(Stored entries)
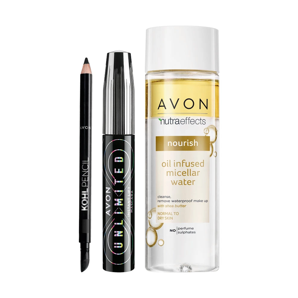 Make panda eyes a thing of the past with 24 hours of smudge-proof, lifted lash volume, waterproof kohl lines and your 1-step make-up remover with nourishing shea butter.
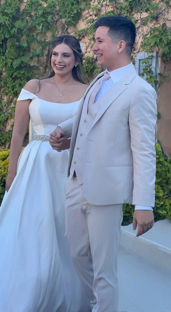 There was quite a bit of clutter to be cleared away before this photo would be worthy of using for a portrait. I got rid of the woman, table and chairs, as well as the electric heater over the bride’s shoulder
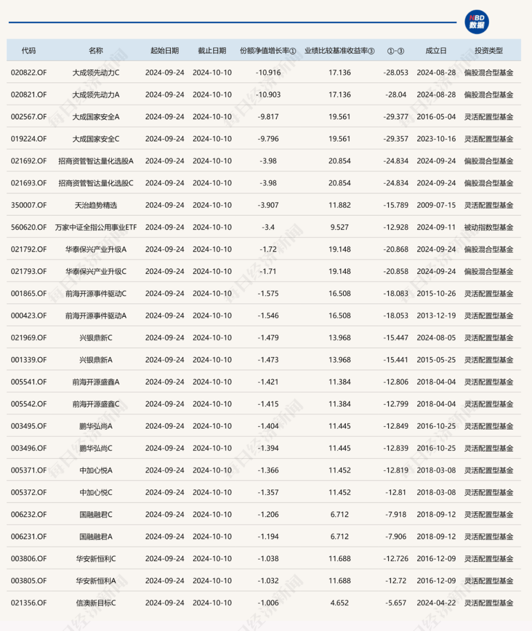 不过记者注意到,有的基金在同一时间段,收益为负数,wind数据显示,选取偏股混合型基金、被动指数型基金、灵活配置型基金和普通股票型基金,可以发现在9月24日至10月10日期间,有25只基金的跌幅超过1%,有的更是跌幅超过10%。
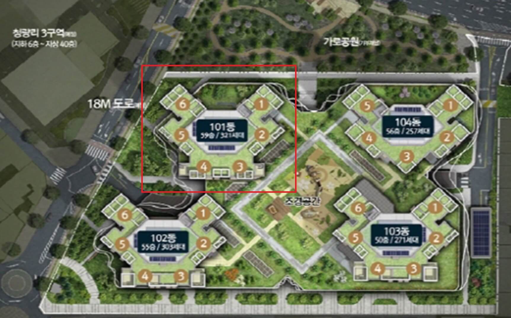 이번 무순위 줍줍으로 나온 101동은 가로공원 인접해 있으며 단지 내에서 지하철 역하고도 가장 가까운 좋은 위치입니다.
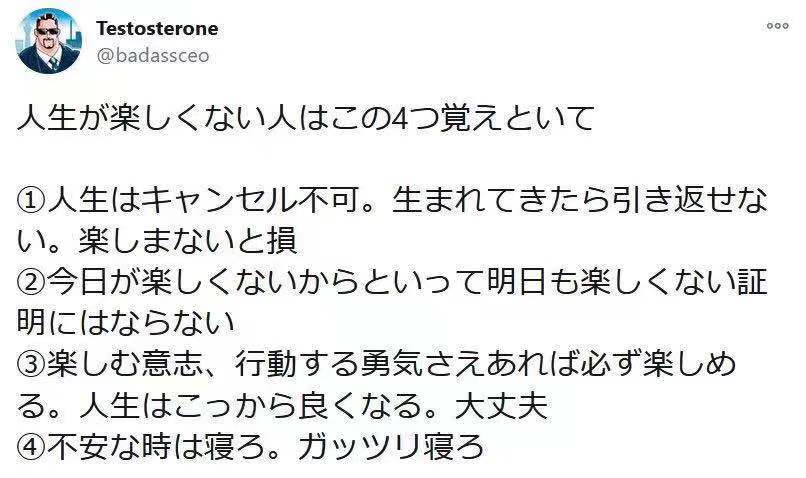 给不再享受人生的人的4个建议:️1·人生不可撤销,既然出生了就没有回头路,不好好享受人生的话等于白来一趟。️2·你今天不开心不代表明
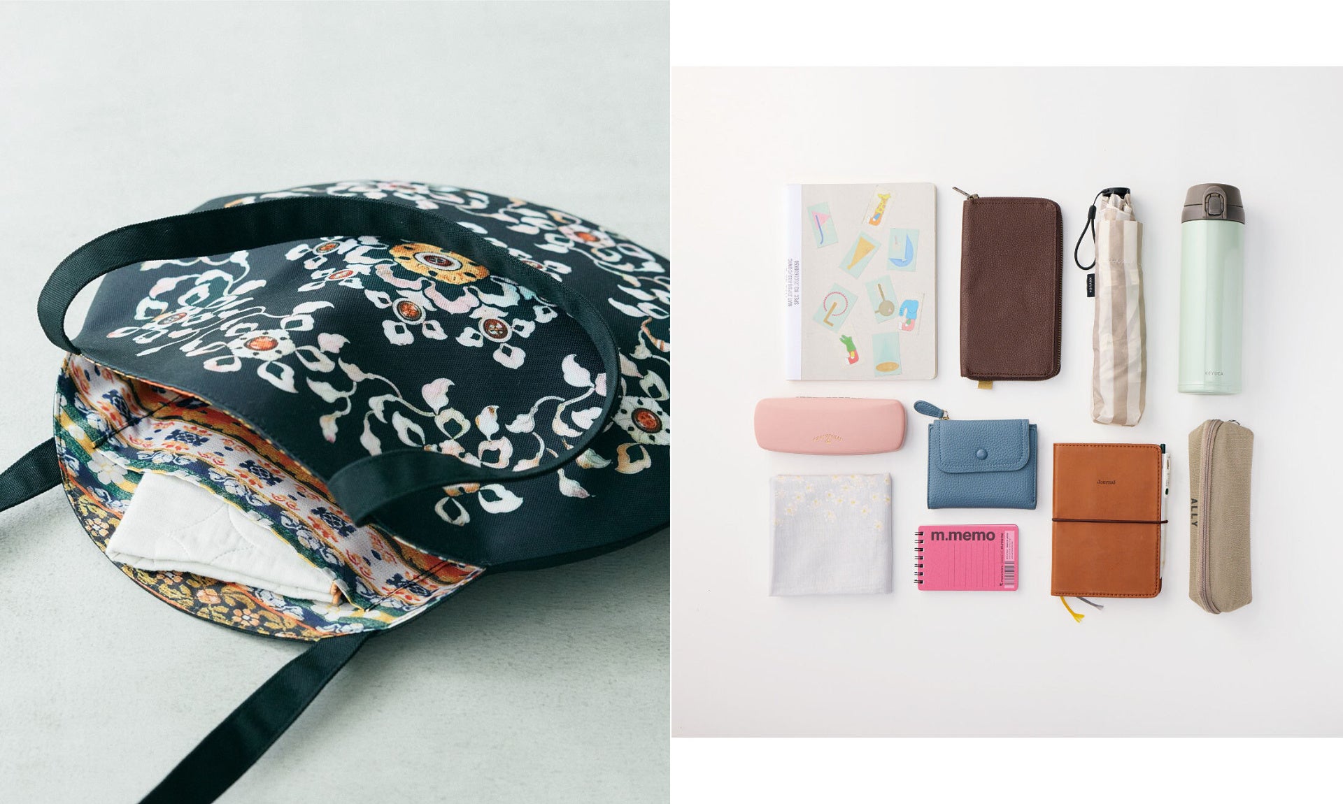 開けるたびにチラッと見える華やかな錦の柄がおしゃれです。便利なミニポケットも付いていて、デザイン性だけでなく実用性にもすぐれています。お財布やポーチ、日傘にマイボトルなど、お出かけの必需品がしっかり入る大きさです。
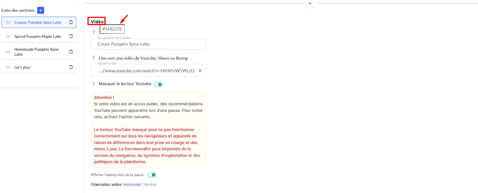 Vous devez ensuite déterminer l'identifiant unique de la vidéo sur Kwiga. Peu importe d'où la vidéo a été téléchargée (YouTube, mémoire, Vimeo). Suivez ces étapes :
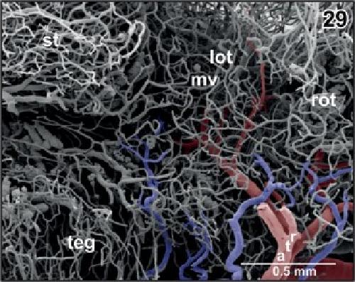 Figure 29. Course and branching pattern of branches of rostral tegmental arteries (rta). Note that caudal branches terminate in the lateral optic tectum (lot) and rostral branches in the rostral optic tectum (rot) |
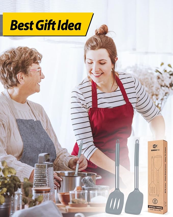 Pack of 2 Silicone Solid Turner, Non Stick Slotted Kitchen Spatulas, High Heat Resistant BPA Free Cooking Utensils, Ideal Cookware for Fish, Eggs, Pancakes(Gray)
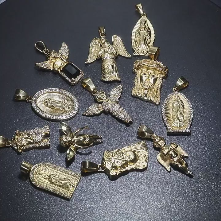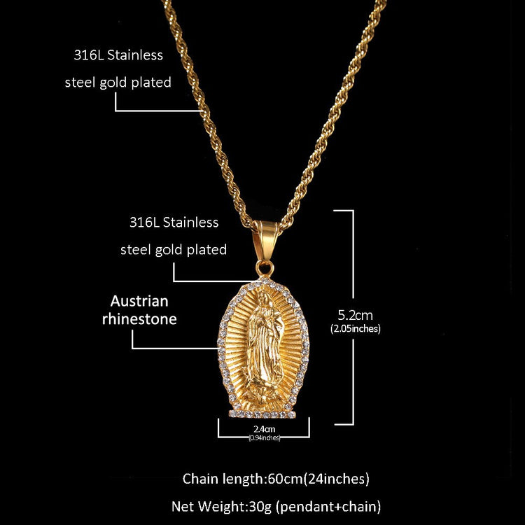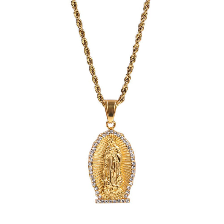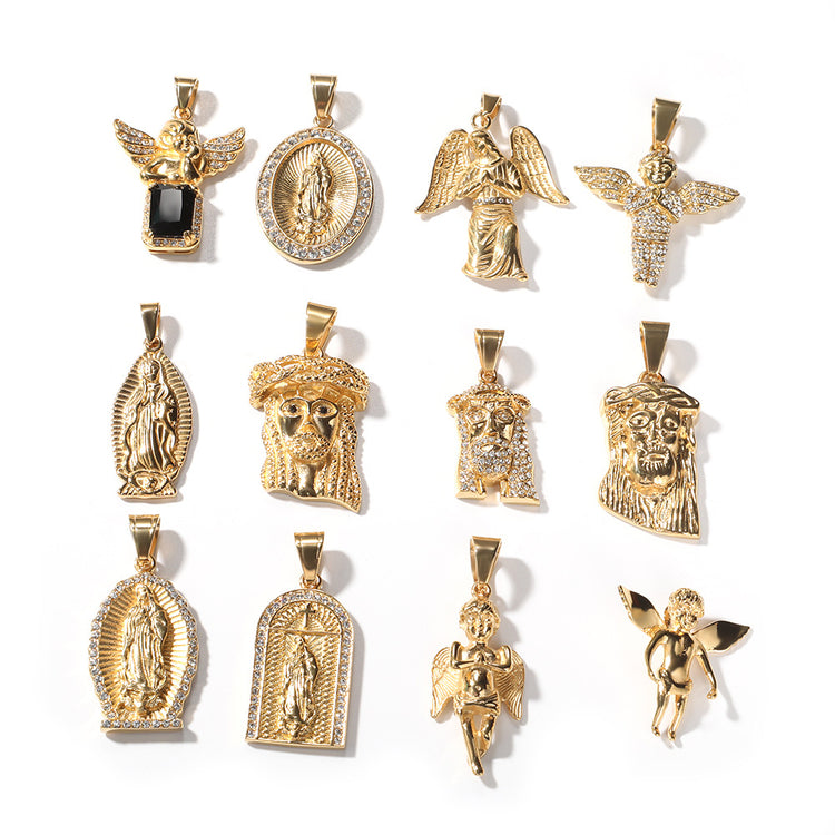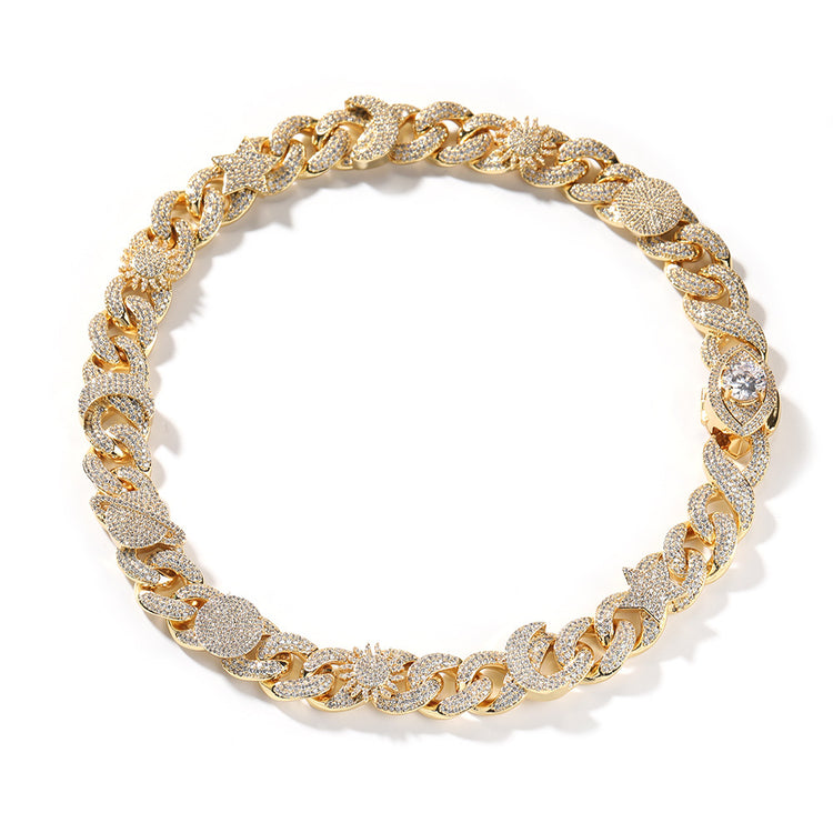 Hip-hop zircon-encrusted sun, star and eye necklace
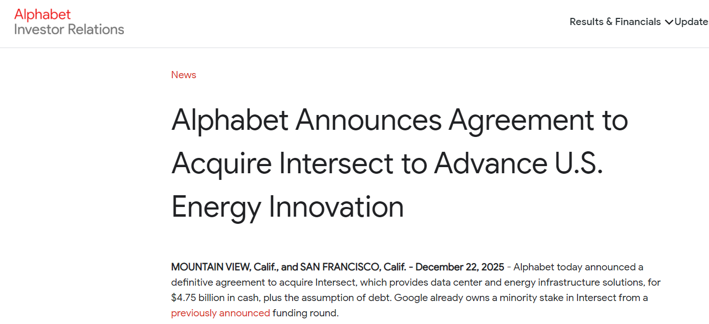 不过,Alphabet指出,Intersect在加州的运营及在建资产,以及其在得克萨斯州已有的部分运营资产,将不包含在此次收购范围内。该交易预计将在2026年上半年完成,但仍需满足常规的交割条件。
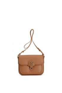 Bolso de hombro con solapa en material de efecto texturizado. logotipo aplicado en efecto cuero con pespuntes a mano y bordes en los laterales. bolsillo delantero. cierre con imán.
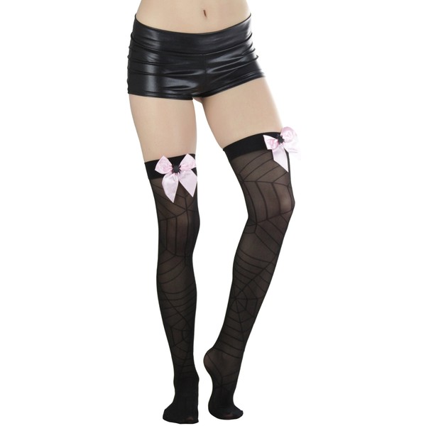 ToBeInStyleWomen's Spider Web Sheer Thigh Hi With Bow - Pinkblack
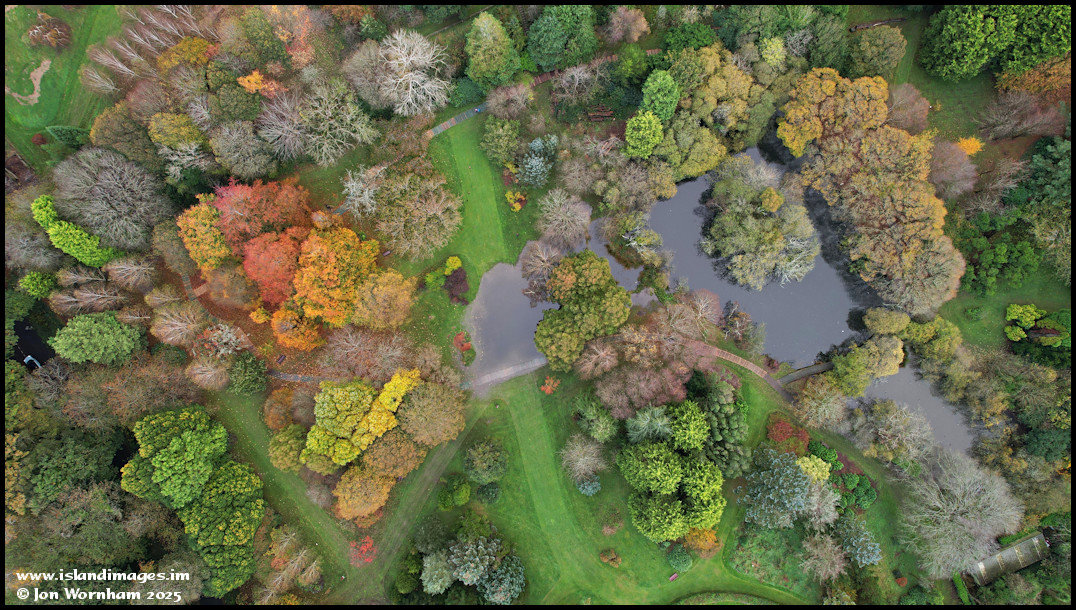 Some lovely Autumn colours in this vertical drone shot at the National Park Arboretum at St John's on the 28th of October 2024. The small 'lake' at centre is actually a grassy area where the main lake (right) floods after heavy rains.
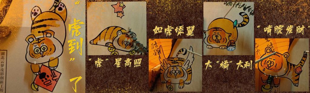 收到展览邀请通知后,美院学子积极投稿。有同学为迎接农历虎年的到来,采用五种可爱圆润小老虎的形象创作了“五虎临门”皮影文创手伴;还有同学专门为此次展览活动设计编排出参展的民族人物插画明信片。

## WHAT YOU WILL DO
Please give the data above again in exact form and omit every picture.

## TASK ANSWER
 Make panda eyes a thing of the past with 24 hours of smudge-proof, lifted lash volume, waterproof kohl lines and your 1-step make-up remover with nourishing shea butter.
 There was quite a bit of clutter to be cleared away before this photo would be worthy of using for a portrait. I got rid of the woman, table and chairs, as well as the electric heater over the bride’s shoulder
 不过记者注意到,有的基金在同一时间段,收益为负数,wind数据显示,选取偏股混合型基金、被动指数型基金、灵活配置型基金和普通股票型基金,可以发现在9月24日至10月10日期间,有25只基金的跌幅超过1%,有的更是跌幅超过10%。
 이번 무순위 줍줍으로 나온 101동은 가로공원 인접해 있으며 단지 내에서 지하철 역하고도 가장 가까운 좋은 위치입니다.
 给不再享受人生的人的4个建议:️1·人生不可撤销,既然出生了就没有回头路,不好好享受人生的话等于白来一趟。️2·你今天不开心不代表明
 開けるたびにチラッと見える華やかな錦の柄がおしゃれです。便利なミニポケットも付いていて、デザイン性だけでなく実用性にもすぐれています。お財布やポーチ、日傘にマイボトルなど、お出かけの必需品がしっかり入る大きさです。
 Vous devez ensuite déterminer l'identifiant unique de la vidéo sur Kwiga. Peu importe d'où la vidéo a été téléchargée (YouTube, mémoire, Vimeo). Suivez ces étapes :
 Figure 29. Course and branching pattern of branches of rostral tegmental arteries (rta). Note that caudal branches terminate in the lateral optic tectum (lot) and rostral branches in the rostral optic tectum (rot) |
 Pack of 2 Silicone Solid Turner, Non Stick Slotted Kitchen Spatulas, High Heat Resistant BPA Free Cooking Utensils, Ideal Cookware for Fish, Eggs, Pancakes(Gray)
 Hip-hop zircon-encrusted sun, star and eye necklace
 不过,Alphabet指出,Intersect在加州的运营及在建资产,以及其在得克萨斯州已有的部分运营资产,将不包含在此次收购范围内。该交易预计将在2026年上半年完成,但仍需满足常规的交割条件。
 Bolso de hombro con solapa en material de efecto texturizado. logotipo aplicado en efecto cuero con pespuntes a mano y bordes en los laterales. bolsillo delantero. cierre con imán.
 ToBeInStyleWomen's Spider Web Sheer Thigh Hi With Bow - Pinkblack
 Some lovely Autumn colours in this vertical drone shot at the National Park Arboretum at St John's on the 28th of October 2024. The small 'lake' at centre is actually a grassy area where the main lake (right) floods after heavy rains.
 收到展览邀请通知后,美院学子积极投稿。有同学为迎接农历虎年的到来,采用五种可爱圆润小老虎的形象创作了“五虎临门”皮影文创手伴;还有同学专门为此次展览活动设计编排出参展的民族人物插画明信片。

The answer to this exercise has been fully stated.